Je suis née en 1987 en France. Après un bac scientifique, puis des études à Lyon dans le graphisme et l’édition, j’ai rapidement commencé à travailler parce que j’avais envie de concret. Lors d’un salon professionnel à Paris, le Who’s Next pendant la Fashion Week, j’ai rencontré Sébastien, mon compagnon. Il venait de reprendre une maroquinerie à Marrakech après ses études en école de mode et en école de commerce appliquée aux industries de la mode. On s’est tout de suite bien entendu et il m’a proposé un stage dans son atelier. En école de graphisme tout le monde suit la même voie : intégrer une grande boite de communication. Je voulais faire les choses différemment, car la mode et la création m’ont toujours attirée.

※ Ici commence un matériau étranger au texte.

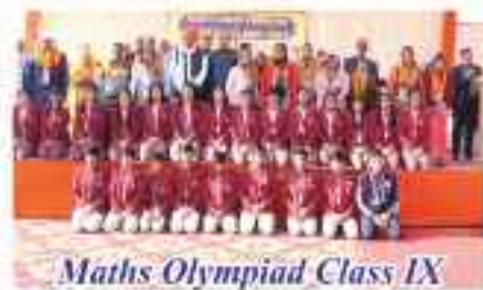
Maths Olympiad Class IX
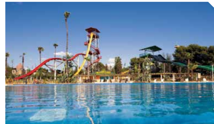
BELOW: Sunwing Waterworld Makadi

Adeje, where a week's all-inclusive starts at £389, including a shuttle bus to the park and free entry.
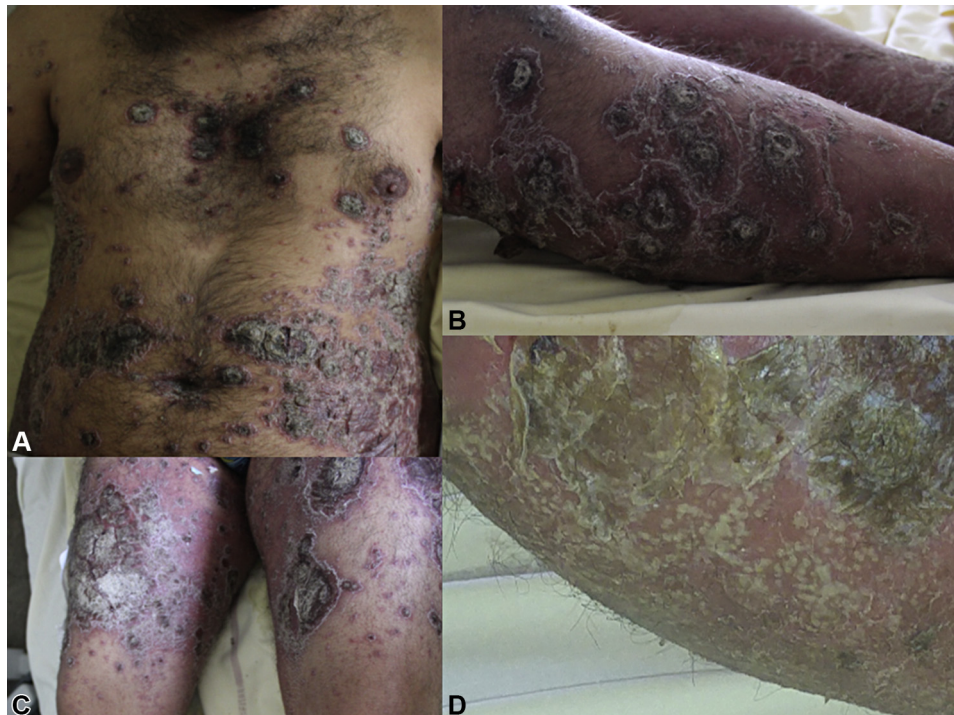
Fig 1. Clinical presentation. A , Disseminated erythematous and squamous plaques. B , Scaly plaques with inflammatory edges on the legs. C , Scaling plaques on the thighs. D , Numerous sterile pustules on the legs.

revealed a subcorneal spongiform pustule. There was a superficial inflammatory infiltrate with lymphocytes and the presence of some polynuclear cells. Periodic acid Schiff staining was negative (Fig 2).
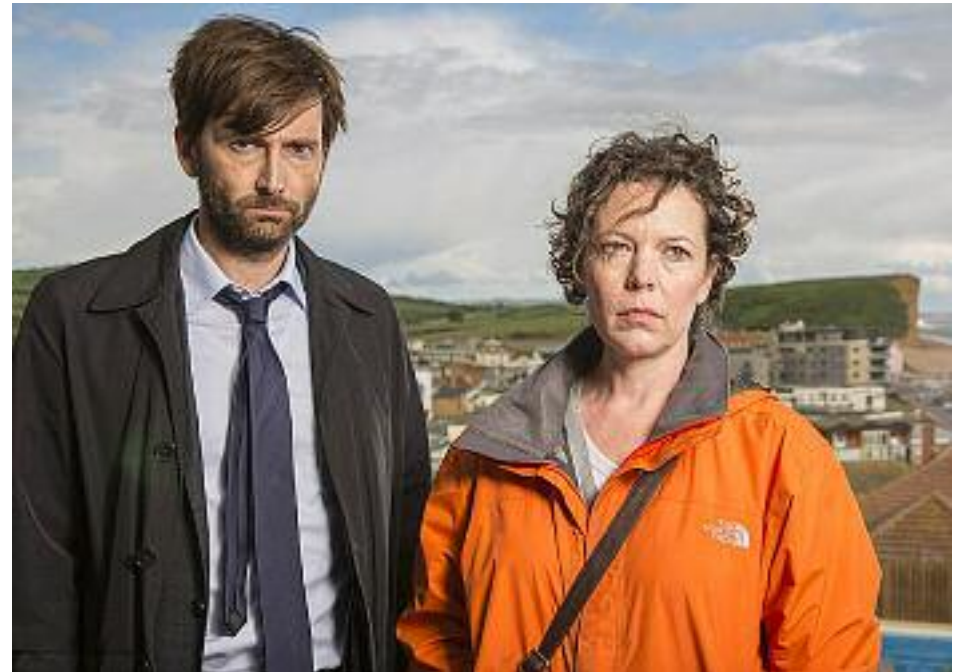
ON THE CASE: David Tennant and Olivia Colman in character
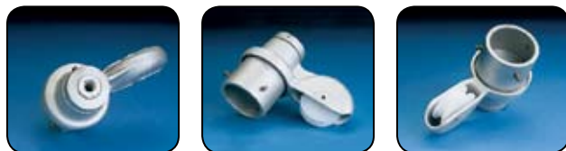
For External Halyard Poles • Cap Style • Revolving • Single Pulley
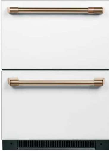
CDE06RP4NW2 Matte White with Brushed Bronze handles
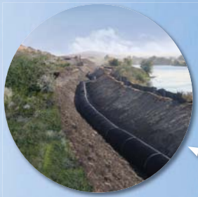
Barker Ranch, WA
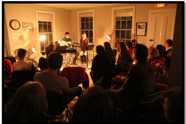
The Jefferson Farmers' Market (left) was an active place to be each Saturday morning for several months. The open mic events in Judd Hall (right) attracted large crowds.
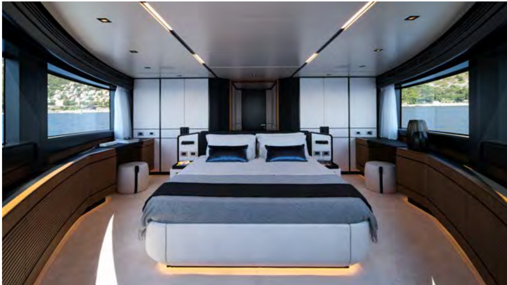
The master suite features two large separate bathrooms and stands out also for its exceptionally low noise level thanks to the positioning of the engine room aft, at the opposite side of the boat.
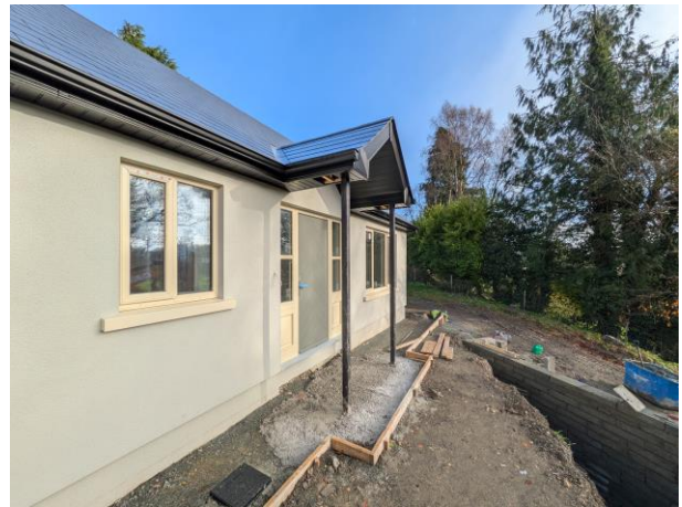
Photograph 4 – View of porch columns / supports
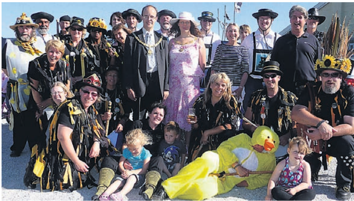
Surrounded by blue skies they marched off in force to Launch a 1000 Ducks

But Needs your Support for the Next Eighteen Years
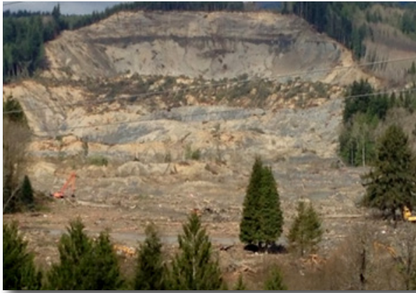
Let's Move Forward funds advanced LiDAR imagery and risk analysis to mitigate future landslides
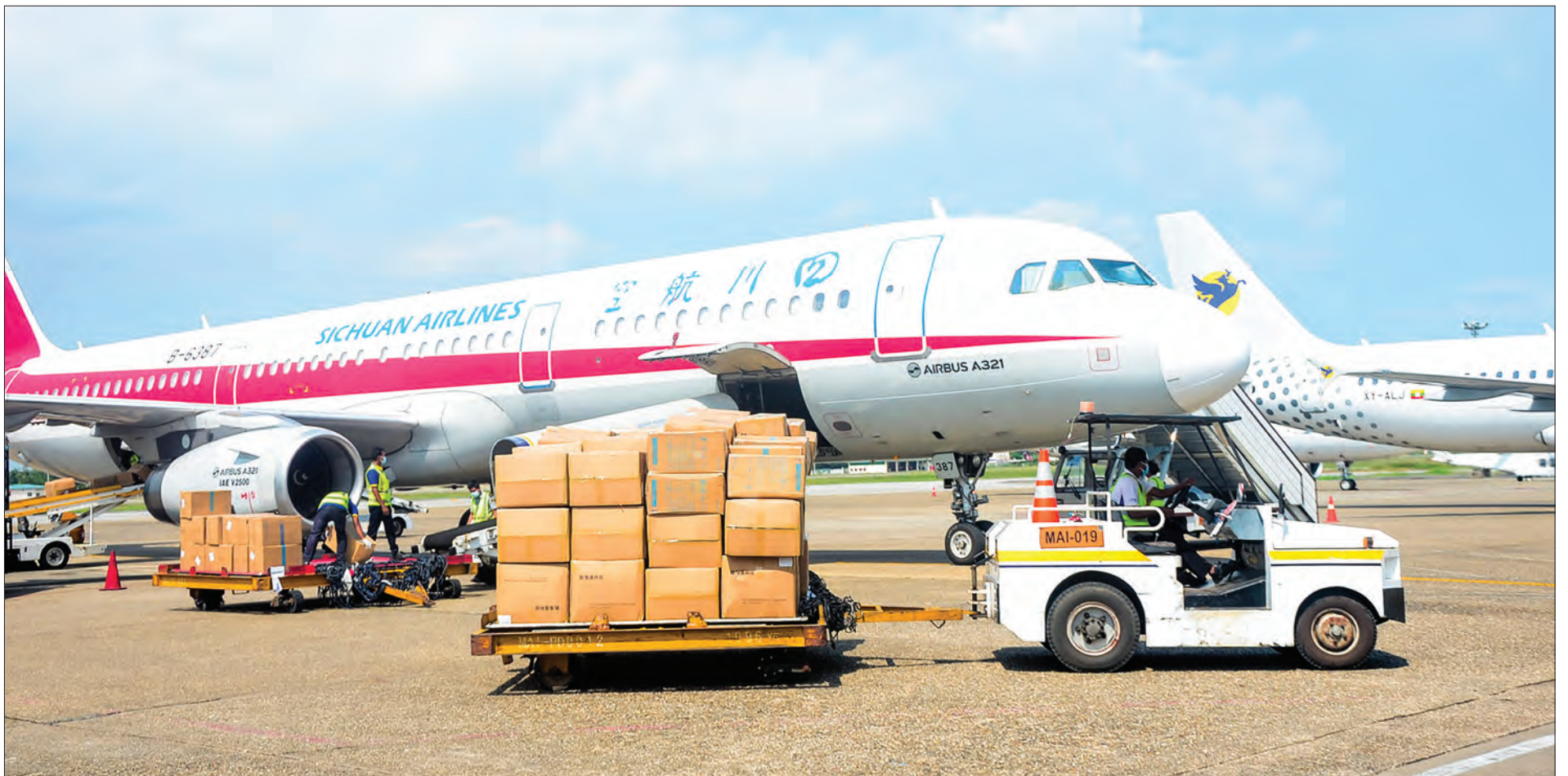
Medical devices imported from China are being unloaded at Yangon International Airport on 4 November.

M YANMAR is importing COVID-19 medical devices from China for the November 8 Gen-
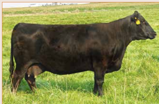
WSF Lady Traveler 624 – Dam of Lots 51, 52, 53, 54, 55, 56, 57

Comment vous êtes-vous installée au Maroc ?
Pendant mon stage avec Sébastien nous avons créé ensemble des modèles de sacs. Quand on est deux créatifs avec une unité de production à disposition, on fait un dessin le matin et le soir on a un produit fini. C’était génial. On était installé à Sidi Ghanem dans le quartier industriel qui regorgeait d’ateliers, de créateurs, de concept stores. C’était en 2008 et il y avait vraiment une ébullition créative. Une fois mon stage terminé, je suis restée ! Les trois semaines au Maroc se sont transformées en résidence permanente et en histoire d’amour !

Et votre marque est née…
En 2009, nous avons commencé par une petite marque de chaussons pour enfants, tout en cuir avec tannage végétal, colle à l’eau, coton bio : Easy Peasy. Un grand groupe français a eu un coup de coeur sur notre projet, il nous a intégré et nous avons été à la direction artistique de la marque pendant 7 ans. Eux étaient en Bretagne, leurs usine en Tunisie. Pendant des années nous avons fait beaucoup d’allers-retours. C’était très agréable : on est allé beaucoup plus vite avec des financiers derrière. La marque marchait vraiment bien. Mais nous avions envie de remonter un projet plus personnel. Nous n’avions jamais arrêté de faire des modèles de sacs et nous avons eu l’idée du petit cartable réversible : le modèle Maths qui est un produit phare depuis le lancement de la marque Craie. L’aventure a commencé. Quand je suis tombée enceinte de ma première fille, nous avons quitté Easy Peasy pour voyager moins. Deux marques, trois pays, un bébé, c’était un peu trop.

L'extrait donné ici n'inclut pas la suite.